Active participation in a certain kind of online culture may affect the participants because they are participating in it, as opposed to viewing it. For example, to protect themselves online, many youth obey the rules laid down by responsible adults about not giving out their real names and addresses online--they lie about such information rather than withhold it. To the extent that they participate in cybersex, which for the most part relates to only the physical aspects of sexual interaction, they are involved in an interaction (often with strangers) that arguably facilitates detached sexual activity without an emotional or personal context. In such a context, sex talk in chat rooms and in instant messaging (often known as "cybersex") is constructed in public (in chat rooms) and in private (in instant messages), is linked to strangers, has little to do with relationships, is explicit, and is often associated with the degradation of women. To the extent that responsible adults believe that it is inappropriate to promote lying and emotionally detached sexual expression, these connections to such online cultures may be regarded as damaging and destructive.

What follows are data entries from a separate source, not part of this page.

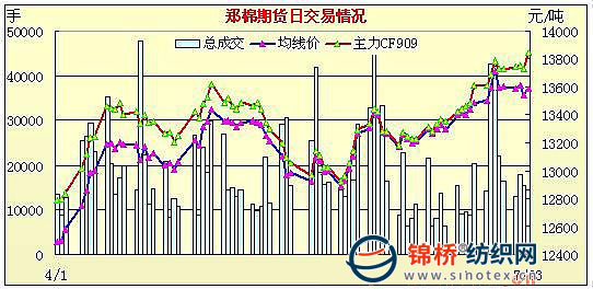 7月23日,鄭棉CF909合約早盤平開盤整,午間多頭買盤增量推動期價走高,午后重心上移盤整,日線形成長陽線,日內(nèi)成交量放大,持倉量大量增加;CF1001合約早盤沖高后受平倉盤打壓回落,午前多頭買盤再涌,期價隨之迅速上沖創(chuàng)日高,但是期價再度遭遇平倉盤打壓調(diào)整,午后窄幅整理,尾盤在空頭賣盤打壓下收低,日線形成星線,日內(nèi)成交量萎縮,持倉量小幅增加。CF909合約日成交4500手,日減倉1174手,終盤持倉量23366手;CF1001合約日成交9688手,日減倉446手,終盤持倉量32774手?;久媲闆r:受拋儲價格上漲影響,現(xiàn)貨價格繼續(xù)上漲,但是各地漲幅開始趨緩,持有國儲棉的棉商改變了放緩銷售的心理,出貨意圖明顯,但成交依舊不大。對于目前市場的走勢,許多紡織廠表示出了觀望的心理,主要原因是前期競拍的棉花正在出庫中,尚有庫存可用,不急于購棉,對市場價格有看低心理。其次是,預(yù)計此次計劃拋儲的52.3萬噸陳棉會在今日結(jié)束,后期是否會追加競拍量,以及陳棉過后09年度的收儲棉價格又會有怎樣的走勢,引起市場關(guān)注,市場隱現(xiàn)觀望情緒。
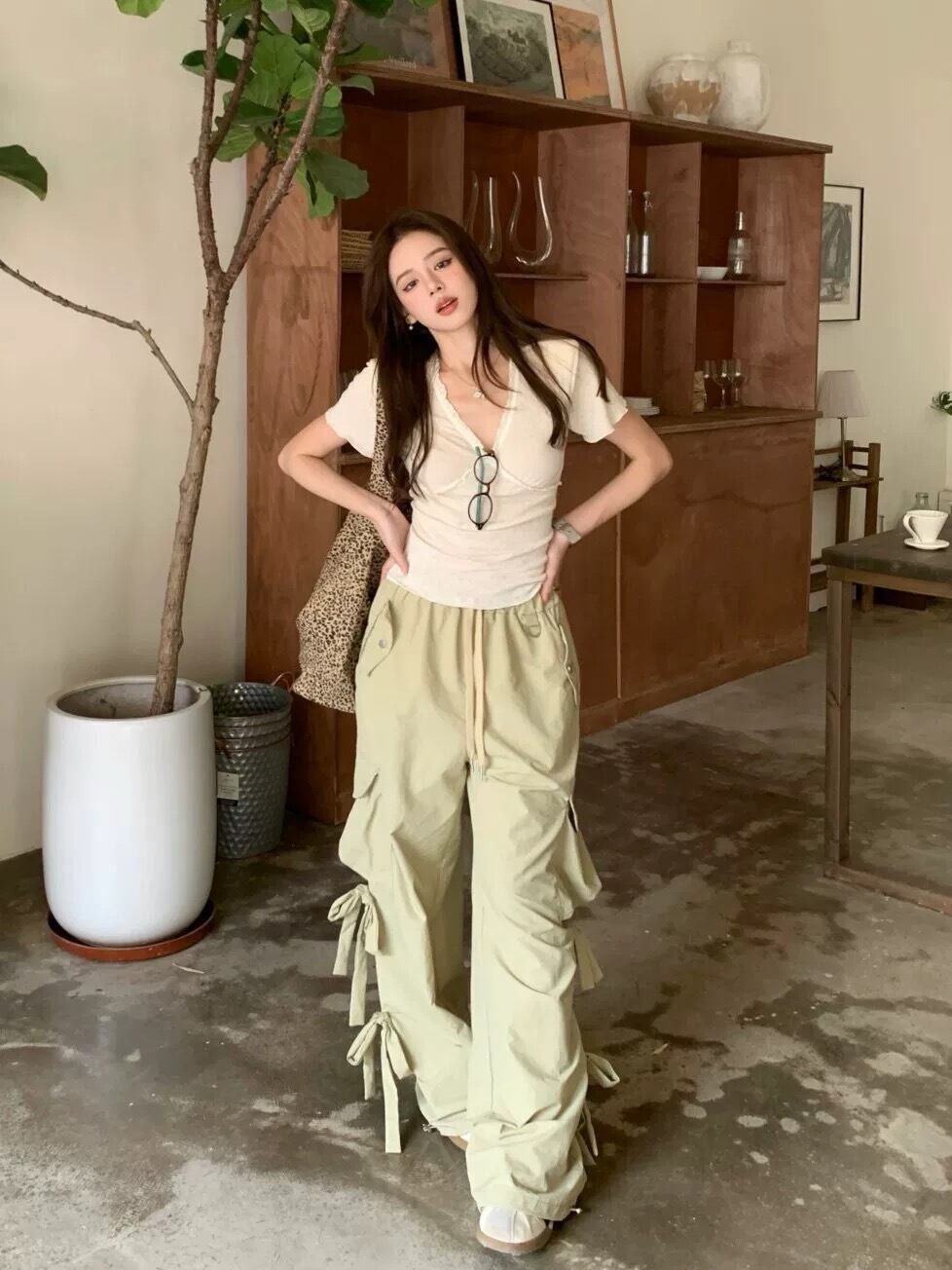romierose 2024新作 ワークポケットリボンワイドパンツ 女子力 純欲 セクシー 春服 オシャレ モテ服 デート服 女子力 秋服 ワンホン服 rr24081601
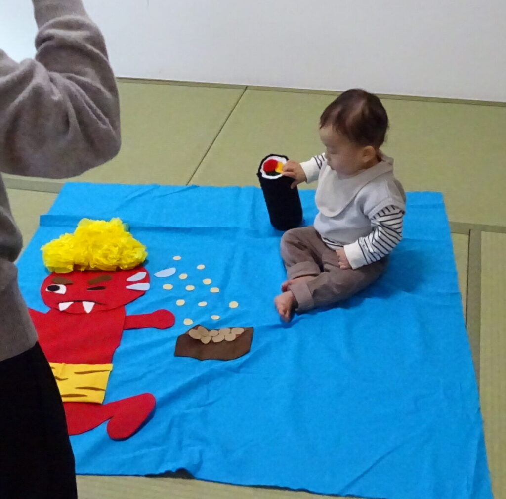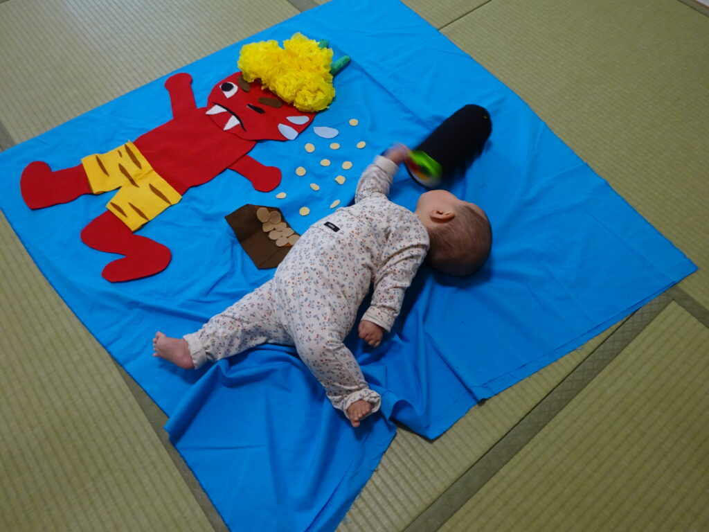 小さいお子さんはふわふわの鬼をさわって感触を楽しんでいました♪

A second common type of conversation in a chat room is "trash talk" that insults and demeans others. Public chat rooms provide a means through which individuals with no prior association (i.e., strangers) can interact with one another and provide no means for independently ascertaining the identity of any given participant. When chat rooms are unmonitored (and most are unmonitored8 ), it is common to see explicit sexual exchanges, joking about physical violence and assaults, degradation of others, aggression, and exchanges involving racial stereotypes and prejudice. Online propositions to engage in cybersex are common, especially for those with identifiably female screen names.

The young people to whom the committee spoke had experienced such online behavior. Consequently, many had stopped participating in chat rooms. Others just ignored obnoxious or offensive IMs, or blocked the senders to prevent them from further contact. It is a further problem that many parents have never been in a chat room and are entirely uninformed about the types of communication that occurs in many of them.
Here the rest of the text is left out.